The Taliban Ministry of Finance has announced that they are about to finalize the National Budget for the upcoming year that will be entirely based on domestic revenues and will not rely on foreign aid. The contents of the National Budget for next year have not been disclosed, but the finance ministry spokesman said the budget could be funded from domestic revenues.

Since the Taliban took power in August, most foreign aid has been suspended, and the Taliban government has little money to spend.

The Taliban finance ministry’s spokesman, Ahmad Wali Haqmal, told the media that they had drafted the National Budget, which would be free of foreign aid for the first time in two decades. According to him, the draft budget will be submitted to the Taliban cabinet for approval before being published.

When the Taliban came to power in August this year, western-backed countries also blocked access to billions of dollars in Afghanistan’s foreign exchange assets, and suspended committed global financial aid. The United Nations has warned of a humanitarian crisis caused by widespread hunger and poverty in the country.
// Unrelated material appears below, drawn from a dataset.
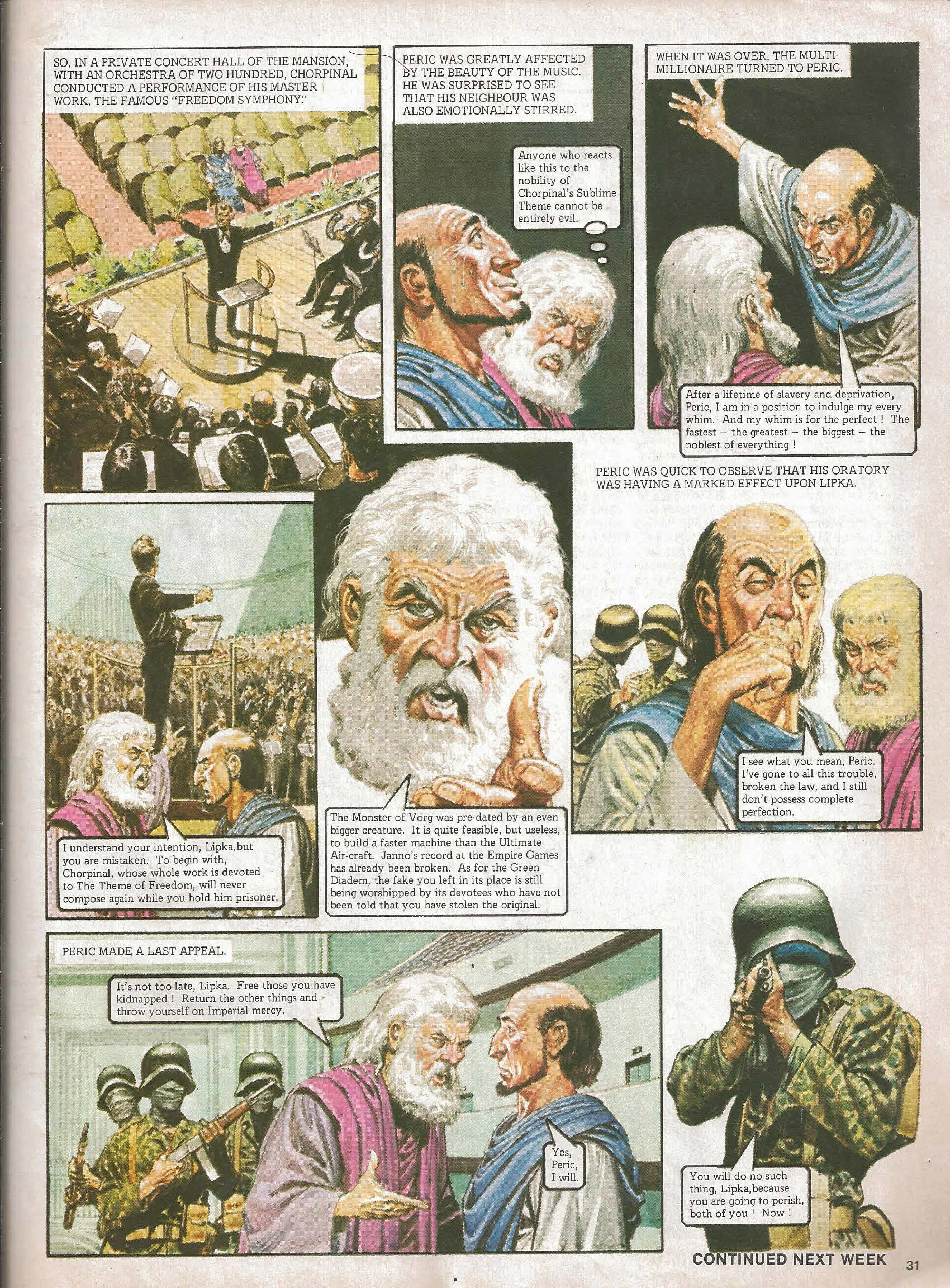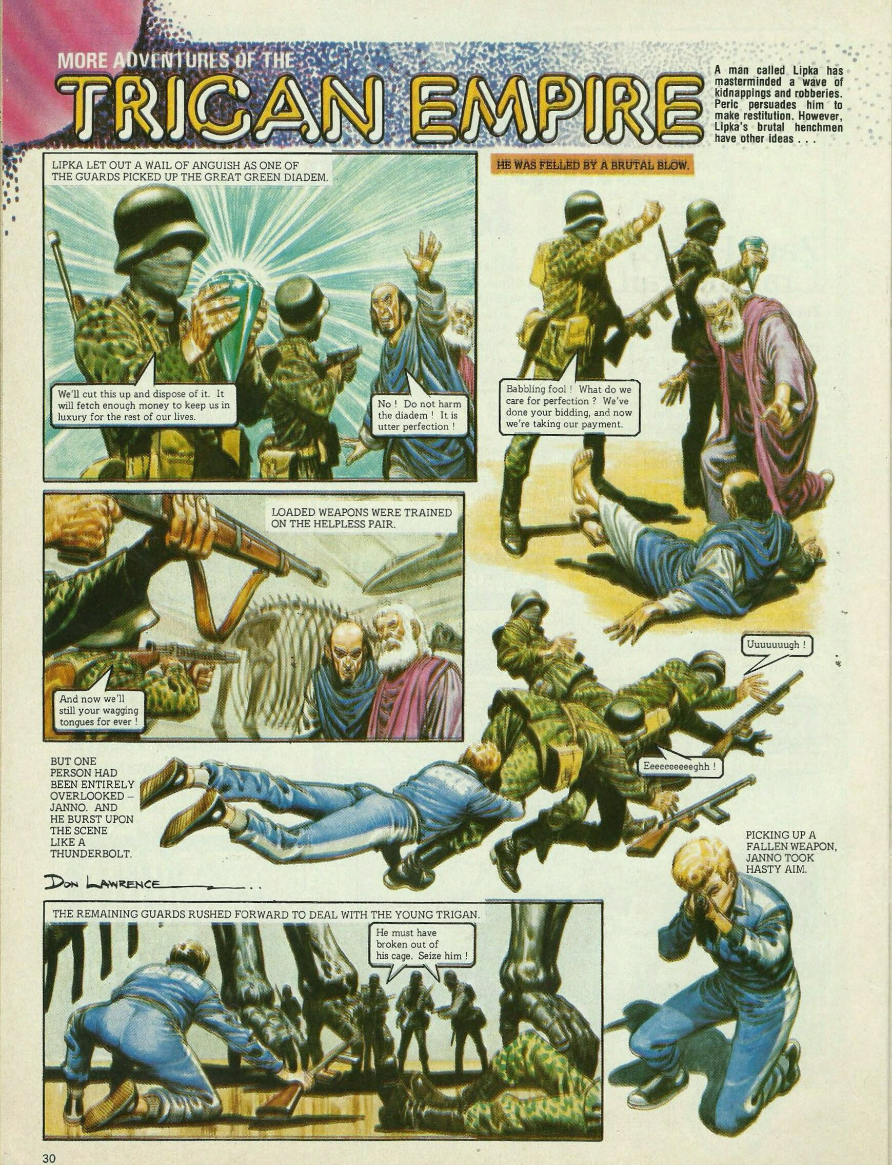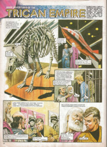 Lipka let out a wail of anguish as one of the guards picked up the Great Green Diadem. We’ll cut this up and dispose of it. It will fetch enough money to keep us in luxury for the rest of our lives. No! Do not harm The diadem! It is utter perfection! He was felled by a brutal blow. Babbling fool! What do we care for perfection? We’ve done your bidding, and now we’re taking our payment. Loaded weapons were trained on the helpless pair. And now we’ll still your wagging tongues for ever! But one person had been entirely overlooked—Janno. And he burst upon the scene like a thunderbolt. Uuuuuuugh! Eeeeeeeeeeghh! The remaining guards rushed forward to deal with the young Trigan. He must have broken out of his cage. Seize him! Picking up a fallen weapon, Janno took hasty aim.The projectiles neatly severed the massive vertebrae of the Monster of Vorg and the great fossilised bones came hurtling down. Aaaaaaah! No! Eeeeeeeeh! Moments later, all was silent in the great hall. Peric laid his hand on the shoulder of he who had collected perfection. Come, Lipka. I will be at your side when you confess all. You have been good to me, Peric—better than I deserve. The great scientist pleaded Lipka’s case before the highest authority of the empire, Trigo himself. It is my submission, Imperial Majesty, that Lipka has not stolen for profit, nor has he done any bodily harm to anyone. Furthermore, he is willing to make full restitution for any damage or inconvenience caused by his insatiable desire to be surrounded by perfection. I am willing to pardon him, provided we can be assured that he keeps his insatiable desire in check. Any suggestions, Peric? Yes, Sire. Frankly, this fellow is bored to death by being a multimillionaire. He needs a job of work! What employment have you in mind? I thought your Imperial Majesty might appoint him—Curator-General of the Imperial Museums! And so, Lipka was from then on surrounded by the perfection he craved. As Curator-General, he was responsible for every museum in the vast empire. And all mine! . . . In a manner of speaking! His eye often fell upon the restored fossil of the Monster of Vorg, and then he remembered. Was that really the fiercest thing that ever lived, sir? Yes, my boy, and it can still smite mightily, I assure you!

Through the International Bank of Afghanistan, the United Nations provides cash assistance. Last month, the Taliban’s finance ministry announced that it would pay the unpaid three months’ salaries/wages to government employees, following complaints from employees in some ministries about not being paid. Ahmad Wali Haqmal acknowledged that government employees had not been paid for several months, saying “we will do our best” to pay the remaining salaries by the end of the year.

The Taliban Ministry of Finance also announced that they have generated 26.915 billion afghanis ($ 283 million) in revenue in the last 78 days. “Our revenue is increasing on a daily basis,” the ministry stated.

The previous government’s budget for last year, prepared under the support of the International Monetary Fund, was more than 473 billion afghanis (approximately $ 6 billion), of which 311 billion afghanis were general expenditure budget (approximately $ 4 billion) and 161 billion afghanis were development budgets. Afghanistan’s domestic resources contribute 216 billion afghanis ($ 2.8 billion) to this budget, with the remainder came from foreign aid.

The Draft National Budget of the Taliban government comes at a time when Afghanistan in on brink of mass starvation nearly four months after they seized power. According to different aid groups, millions of children and poor are in danger of death this winter in Afghanistan.

This winter, more than half of the population of Afghanistan are expected to face life-threatening food-insecurity according to the WFP. Additionally, the International Crisis Group has said in a recent report that the international community should support more Afghans before it is too late.

The decision to draft the National Budget without foreign aid and without understanding of modern economy will deepen the humanitarian and economic crisis in Afghanistan.